Mirroring the spurt in consumer confidence, the Index measuring active shopping – checking prices, visiting dealers – for cars, housing and other major goods moves up from 81 in October (the low for the year) to 91 in November, which is in the mid-range for the year.

The gain in the Active Shopping Index is a hopeful sign, even though it measures only intention to buy major goods – not actual purchases. However, given the growing desperation of sellers, the discounts sellers offer may enable them to close sales with active shoppers.

On the negative side, consumers have not relaxed restraints on actual day-to-day spending. The Index measuring the propensity of consumers to shop without restraint for food, clothing, gasoline, and medical services moves up by only two ticks from 71 in October – which is itself a tick above the low for the year – to 73 in November, which remains only three points above the low for the year.

The CBI is a co-incident, not a forward-looking indicator. The spurt in consumer confidence about the future indicates that consumers turned hopeful. But, hope did not substantially change their appraisal of their current financial balances. The CBI for November remained at 74, which is just a tick above the low for the year.

For the CBI to improve enough to encourage an increase in consumer spending, the economy must improve enough so that consumers experience: 1) an increase in their assets (value of stocks, other financial assets, housing); 2) a substantial and secure increase in their incomes relative to their debt; or 3) a reduction in the costs of the products they buy, allowing their dollars to go farther.

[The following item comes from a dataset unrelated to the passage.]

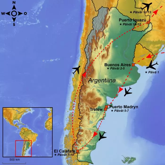 Lento Suomesta Argentiinaan välilaskun/-laskujen kautta.

One hopeful development is that the government is pumping money into financial institutions to improve their financial balances. However, there is no sign yet that money pumped into financial companies has trickled down to and enhanced consumers’ financial balances.

Another hopeful development is that retailers and manufacturers are discounting their prices sharply in an effort to increase their sales. However, there is no sign that the reduction in prices has reduced the prices of products consumers buy sufficiently to enhance their perception of their financial balances and induce them to accelerate spending.

We will be able to see the effect on consumer propensity to spend of these two hopeful developments in mid-December, when the next CBI reading will be released.